Doctors also can advise caretakers about the person’s need for soft foods if they have problems chewing or swallowing.
Check for fiber and water
Most adults should get 25 to 30 grams of fiber a day to promote colon health and reduce cholesterol. Foods such as barley, pears, prunes and baked beans are good sources of fiber.
As you add fiber to someone’s diet, add water to make sure their digestion stays on track. High fiber, combined with a lack of liquids, can cause constipation.
Water, in general, is necessary for overall good health.
“Hydration is extremely important, especially if someone is ill,” Meyers says. “If they don’t like water, add a little bit of flavor with some juice or fruit.”
Soups are great way to add both fiber-filled vegetables and fluids to diets, especially if someone has difficulty chewing raw vegetables.

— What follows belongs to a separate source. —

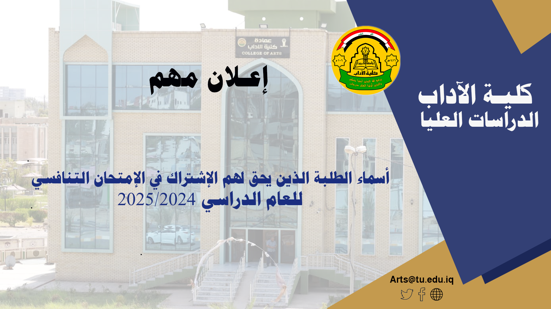 الى جميع الطلبة المقبولين في كلية الآداب للعام الدراسي 2023/2024 ممن لم يقوموا بجلب و ثيقة الصف السادس الاعدادي الاصلية ، عليهم جلب و ثيقتهم الاصلية وبموعد اقصاه 1/4/2024 و خلاف ذلك يعتبر قبولهم ملغياً في كلية اللآداب .

Supplement drinks not a substitute for good nutrition
While supplement drinks sound like a great way to make sure someone is getting their nutrients, Simmer cautions against relying on them everyday.
“People think they can drink a supplement and get the nutrition they need,” she says.
In truth, supplement drinks require several bottles to meet many dietary requirements, and Simmer adds, “They’re expensive.”
They are also high in sugar. Some drinks have more than 10 grams and others nearly 20 grams of sugar per serving, more than in a sugary cereal.
If someone is able to eat three healthy meals a day with fruits, vegetables and whole grains, they likely don’t need a supplement drink. If you are using supplement drinks to get more protein in a person’s diet, a glass of milk, powdered milk, and yogurt are high-quality protein sources, Meyers says
Consider prepared food
Simmer and Meyers agree that if a person is homebound, caregivers should consider participating in the Meals on Wheels program through the Whatcom/San Juan Nutrition Program. The meals can take some of the burden off of caregivers, and ensure the person they are caring for gets what they need.
“Each meal is balanced nutritionally,” Simmer says. “There is not an overload of fat, sugar or sodium.”